Я вдруг вспомнил, что всегда возвращался в это время домой один и сейчас исполняется моё желание. Я улыбнулся и смахнул салфеткой кетчуп с кончика носа Хельги.

За окном проносились столь привычные пейзажи.

Время быстро бежало, обгоняя стальное тело гудящей змеи. Мир странно создан. Мы можем изнывать в очереди от скуки, следить за ползущими минутами на паре, ждать следующего дня в бессонной ночи или мчатся по улице моля секунды замедлится, или сокрушаться перед дверью на экзамен о том, как быстро прошёл последний день подготовки, а можем просто обнять, кого то и время вдруг изменяется, оно более не спешит и не замеливается, похоже оно начинает становиться нашим. Мы покоряем его.  Вдвоём. Я всегда подозревал, что двое это не один и один. Математики нас жестоко обманывали, вводя в заблуждение, вдалбливая со школьной парты лживые истины. Двое это те, кто могут даже покорять время.

И что странно ни чего удивительного не происходит. А может мы, просто не обращаем внимания на чудо. Ведь чудо вот оно, в моих объятьях. Её запах волос, её собственный, что не спрятать под отдушкой шампуня, я тайком вдыхаю его и улыбаюсь от того, что он мне так нравится. Её губы трогает лёгкая улыбка и на щеках появляются маленькие ямки и от этого мне хочется, что бы она улыбалась всегда. Задумавшись, она забавно морщит носик и мне хочется говорить с ней и задавать сложные вопросы. Она что-то рисует на моём колене, пальчиком с красивым обвалом ухоженных ногтей. А я обнимаю её, легко и нежно и мои ладони готовы играть. Я ни сколько не напрягаясь, с удовольствием угадываю те места, куда я могу прикоснуться не вызвав стеснения или раздражения, и каждое моё прикосновение, стирает грань отчуждённости.

Электричка вышла на резкий, затяжной тормозной путь и замерла. Но звука открытия дверей не последовало.

Я выглянул в окно. Маленький городок за полчаса до дома. Слева вокзал и невдалеке пятиэтажки. Справа, за деревьями, я знаю трасса. Нам туда.

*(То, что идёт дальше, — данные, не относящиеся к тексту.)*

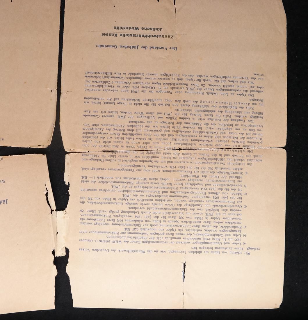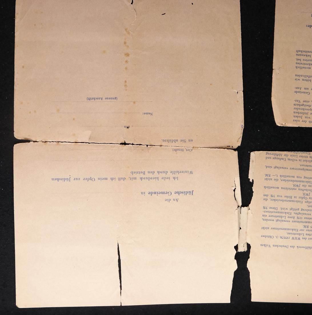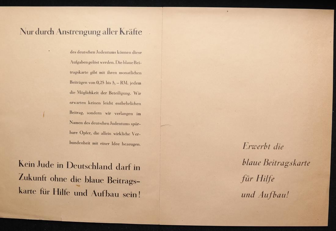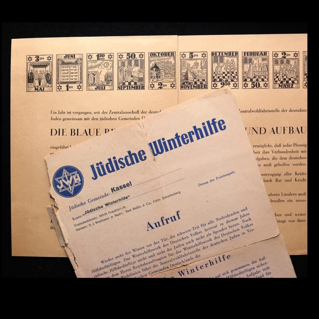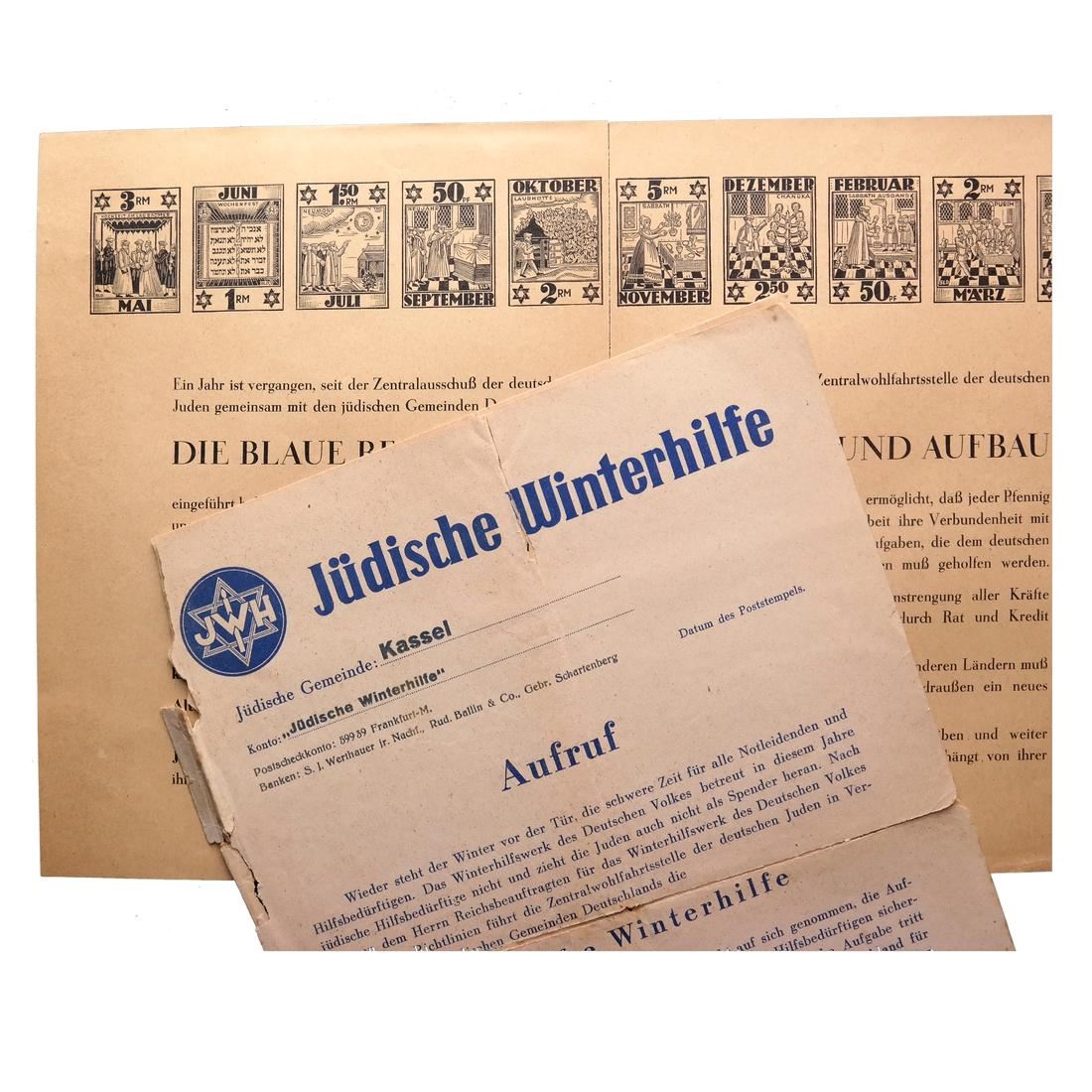 Jdische Winterhilfe two-page announcement and Hilfe und Aufbau announcement/flier, both with faults.
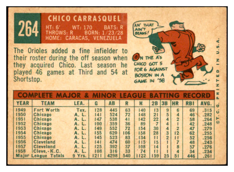 1959 Topps Baseball #264 Chico Carrasquel Orioles EX-MT 536185

Открытых дверей уже не ждать. Похоже, машинисту жена изменяла или её у него ни когда не было, раз он решил отыграться за свою не сложившуюся жизнь на нас.

Сегодня вроде пятница, а значит, в вагоне обязательно должны быть дачники. Люди уже начинают ропать, из тамбура слышатся недовольные возгласы. Отсюда надо валить.

Улыбнувшись обеспокоенному взгляду Хельги, встаю и иду по салону.

Сумки, пакеты, рюкзаки, тревожные взгляды и ни чего подходящего. А вот и то, что я ищу. Старик с тяпкой и граблями. Тяпка подойдёт. Пара фраз, не много настойчивости и старик готов одолжить мне её. Разматываю целлофан и тряпку, в которую она обёрнута, возвращаюсь к нашему месту, встаю напротив правого окна.

Всегда мечтал это сделать. Ещё в детстве было интересно, насколько крепки окна в электричке. С удовольствием замахиваюсь. Удар и отдача в руки. Стекло треснуло. Кто-то вскрикнул в салоне. Ещё удар и ещё. Я весь, до остервенения и восторга в этих ударах, в хрусте стекла и сыплющихся осколках все мысли и раздумья дня, все потери.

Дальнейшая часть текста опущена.